Every line of the entries below from the one containing "Синий кроп-топ в" to the one containing "Mit einer Leerwohnungsziffer", both ends included, must be written out exactly. No other line belongs in the answer.

#### RECORD EXTRACTS ####

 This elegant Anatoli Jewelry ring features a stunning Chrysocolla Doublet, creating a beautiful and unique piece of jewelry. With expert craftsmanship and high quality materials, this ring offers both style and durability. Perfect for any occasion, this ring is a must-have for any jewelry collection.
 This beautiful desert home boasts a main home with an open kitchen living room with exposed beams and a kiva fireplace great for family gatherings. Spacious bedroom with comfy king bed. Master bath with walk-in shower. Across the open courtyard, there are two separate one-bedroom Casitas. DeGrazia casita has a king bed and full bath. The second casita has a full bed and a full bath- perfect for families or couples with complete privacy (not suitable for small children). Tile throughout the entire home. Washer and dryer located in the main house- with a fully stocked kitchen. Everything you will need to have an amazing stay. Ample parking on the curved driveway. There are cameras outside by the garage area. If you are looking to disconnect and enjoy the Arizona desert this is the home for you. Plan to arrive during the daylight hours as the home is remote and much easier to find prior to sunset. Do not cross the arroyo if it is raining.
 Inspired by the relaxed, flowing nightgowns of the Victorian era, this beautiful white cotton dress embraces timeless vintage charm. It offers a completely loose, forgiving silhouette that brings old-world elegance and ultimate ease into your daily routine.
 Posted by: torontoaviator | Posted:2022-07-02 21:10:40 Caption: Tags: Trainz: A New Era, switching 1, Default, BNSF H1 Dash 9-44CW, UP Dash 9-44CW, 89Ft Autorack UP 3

####
#### RECORD EXTRACTS ####

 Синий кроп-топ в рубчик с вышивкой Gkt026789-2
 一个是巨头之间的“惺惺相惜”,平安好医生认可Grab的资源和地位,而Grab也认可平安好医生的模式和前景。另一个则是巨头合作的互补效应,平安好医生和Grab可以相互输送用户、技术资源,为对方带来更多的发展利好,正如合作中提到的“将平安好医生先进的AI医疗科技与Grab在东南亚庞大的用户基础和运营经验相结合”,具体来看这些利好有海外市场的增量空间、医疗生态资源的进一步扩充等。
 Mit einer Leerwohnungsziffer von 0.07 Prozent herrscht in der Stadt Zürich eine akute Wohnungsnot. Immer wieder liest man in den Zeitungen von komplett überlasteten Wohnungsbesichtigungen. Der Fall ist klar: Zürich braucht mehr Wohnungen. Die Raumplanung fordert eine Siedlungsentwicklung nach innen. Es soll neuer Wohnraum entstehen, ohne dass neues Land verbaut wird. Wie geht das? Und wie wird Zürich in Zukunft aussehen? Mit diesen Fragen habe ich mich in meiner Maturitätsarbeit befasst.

####

## COMPLETED TASK
 Синий кроп-топ в рубчик с вышивкой Gkt026789-2
 一个是巨头之间的“惺惺相惜”,平安好医生认可Grab的资源和地位,而Grab也认可平安好医生的模式和前景。另一个则是巨头合作的互补效应,平安好医生和Grab可以相互输送用户、技术资源,为对方带来更多的发展利好,正如合作中提到的“将平安好医生先进的AI医疗科技与Grab在东南亚庞大的用户基础和运营经验相结合”,具体来看这些利好有海外市场的增量空间、医疗生态资源的进一步扩充等。
 Mit einer Leerwohnungsziffer von 0.07 Prozent herrscht in der Stadt Zürich eine akute Wohnungsnot. Immer wieder liest man in den Zeitungen von komplett überlasteten Wohnungsbesichtigungen. Der Fall ist klar: Zürich braucht mehr Wohnungen. Die Raumplanung fordert eine Siedlungsentwicklung nach innen. Es soll neuer Wohnraum entstehen, ohne dass neues Land verbaut wird. Wie geht das? Und wie wird Zürich in Zukunft aussehen? Mit diesen Fragen habe ich mich in meiner Maturitätsarbeit befasst.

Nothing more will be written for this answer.